5.5 Unless having first completely paid the price to MENEGHETTI, the Client undertakes not to grant the product as securities. The non-performance of this obligation by the Client shall give a termination right to MENEGHETTI.

6.(Retention of title – no acts of disposition)

6.1 In case of payment by instalments, the delivered products shall be in the ownership of MENEGHETTI till the complete payment of the price; the Client therefore undertakes to keep the products in perfect conditions of conservation and saleability. The Client authorises MENEGHETTI to accomplish, at the Client’s expenses, any formality which is necessary in order to oppose the retention of title to third parties.
6.2 The lacking payment of one single instalment exceeding the tolerance prescribed by Article 1525 of the Italian Civil Code (one eight of the price) shall determine the forfeiture of the benefit of time and it shall give to MENEGHETTI the termination right pursuant to Article 1526 of the Italian Civil Code.
6.3 In case of payment by instalments, should the delivered products be affected by possible enforcement measures taken by third parties, notwithstanding their proper names, the Client shall immediately communicate it to MENEGHETTI by return receipt registered letter. Lacking said communication, MENEGHETTI shall have the right to immediately terminate the Agreement.
6.4 In case of termination of the Agreement under article 6.2 or under article 6.3, MENEGHETTI shall have the right to acquire the paid instalment/s as indemnification and equal compensation for the use of the products. The above provision shall affect in no manner whatsoever the right of MENEGHETTI to claim for further damages.

7.(Warranties and claims)

7.1 MENEGHETTI warrants the absence of any vices and/or defects in the products in accordance with the applicable law. If the possible Clients’ claims as to the existence of vices/defects in the products are well-founded and accepted by MENEGHETTI in the warranty period, MENEGHETTI shall repair the vice/defective products for free, by delivering them EX Works (EXW, Incoterms ® 2010) – MENEGHETTI’s administrative office in 36061 Bassano del Grappa (Vicenza, Italy), Via Rambolina no. 5. It is agreed that the warranty here above is limited to the vices/defects of the products expressly acknowledged and accepted by MENEGHETTI.
7.2 Under penalty of cancellation of the warranty, the Client shall notify in writing, by registered letter with return receipt, the found vices/defects within and no later than 8 (eight) days as from the delivery date, or, in case of hidden vices/defects, within and no later than 8 (eight) days as from the date of the relevant discovery. The burden of the proof as to the date of the discovery shall be borne by the Client.
7.3 The warranty shall be excluded if the vices and/or the defects communicated by the Client have been determined by the following causes: (i) mistakes in the information and/or in the technical data provided to MENEGHETTI by the Client in accordance to article 2.3; (ii) repairs, alterations and/or modifications of the products which have not been previously authorised in writing by MENEGHETTI; (iii) storage and/or safekeeping of the products in places and/or with modalities inadequate for their perfect conservation; (iv) any other cause which cannot be directly ascribed to MENEGHETTI.
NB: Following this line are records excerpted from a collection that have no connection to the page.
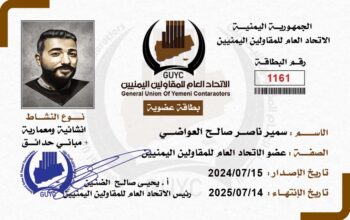 ضمن منصتنا نقدم لك فرصة استثنائية للاستفادة من مجموعة شاملة من المزايا والخدمات التي تدعم نموك ونجاحك . احصل على بطاقة عضوية الاتحاد العام للمقاولين اليمنين الان ....
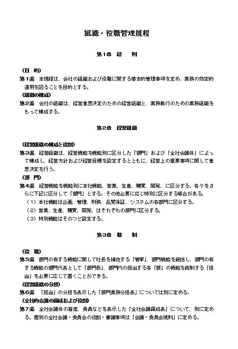 組織・役職管理規程②(大会社・製造業) のテキスト
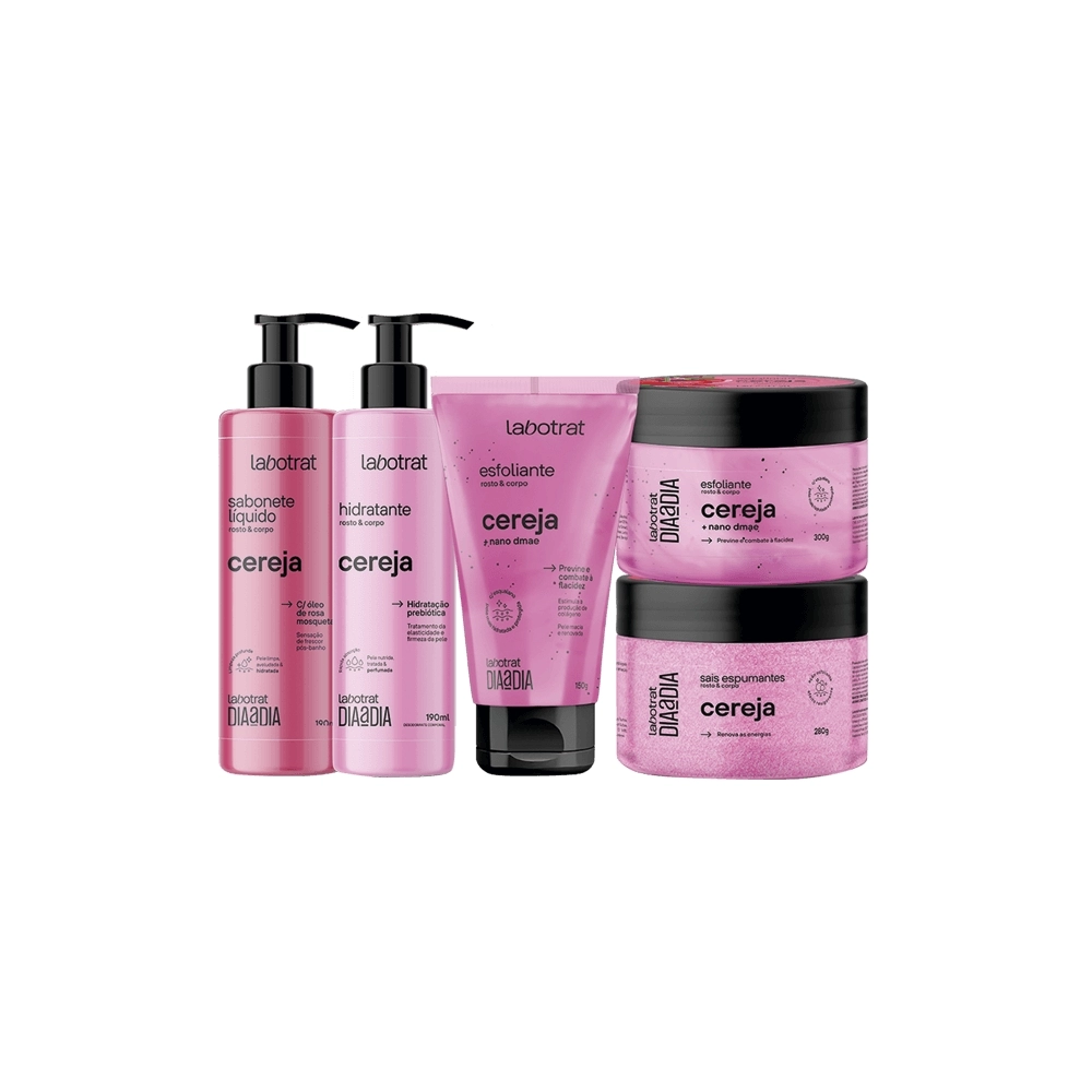HPC>PERFUMARIA>CREMES CORPORAIS>KIT BANHO DIA DIA CEREJA (SABON LIQ,2 ESFOL,HIDRAT,SAIS) LABOTRAT
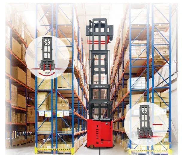 (视频建议WIFI网络收看)米玛三向堆垛车因其独特的货叉180°旋转、左右侧移堆垛受到广大客户的喜爱,米玛三向叉车的使用大大实现了高货位仓储,库容量提升,劳...
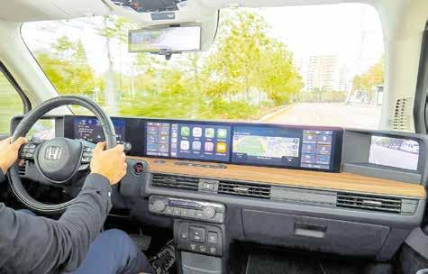 PÅ MOTORVÄG SÅ HÄNGER den med bra i trafikflödet och är en förvånansvärt lätt bil att köra, kamerorna i dörrarna ger bra sikt bakåt där innerspegeln, som även är en skärm, går lätt och att kan justera till allas tycke. Sikten runt om i Honda e är fenomenal, citerar min flickvän här ”Det känns som att sitta i ett akvarium med all glasyta som finns.” På tal om akvarium så går det även att ha ett virtuellt akvarium på den stora skärmen som finns längs instrumentpanelen. En liten gimmick som gillas av de flesta.

In the pre-contractual phase and/or in the performance of its obligations, MENEGHETTI may transmit to the Client some information or data having a strictly confidential nature and related to the products, such as, without limitation of the foregoing, preliminary projects, software, processing, methods, procedures and corresponding sketches, inventions, instructions manuals, techniques and related technologies, marketing plans (“Confidential Information”). By the Acceptance, the Client undertakes to receive and to keep the Confidential Information as confidential and secret. The Client undertakes not to reproduce, disclose, or in any way use – whether directly or indirectly – the Confidential Information, whether for its purposes or for third parties’ purposes. The Client undertakes to perform the confidentiality obligations under this article also on behalf of its shareholders/quotaholders, employees, managers, directors, consultants, agents or other subjects linked to and/or dependent upon the Client, also on an occasional basis, to whom the Confidential Information may be disclosed. The Client undertakes to return to MENEGHETTI the Confidential Information as soon as the Client does not need them anymore and, in any case, when MENEGHETTI so requires in writing. The Client undertakes not to make any copy, not even an electronic copy, of the Confidential Information, nor in whole nor in part. The Client expressly acknowledge the importance of the Confidential Information for MENEGHETTI’s activity and therefore the Client acknowledges that any and all violation of the confidentiality obligations under this article leads not only to a contractual breach, but also to an act of unfair competition. No provisions of these General Conditions of Sale may, directly or indirectly, entitle the Client to any rights or interests whatsoever on the Confidential Information. The Client undertakes to abstain from filing any patent application and/or model application which involves the Confidential Information. Should the Client breach the confidentiality obligations under this article, the Client shall pay to MENEGHETTI all the relevant damages.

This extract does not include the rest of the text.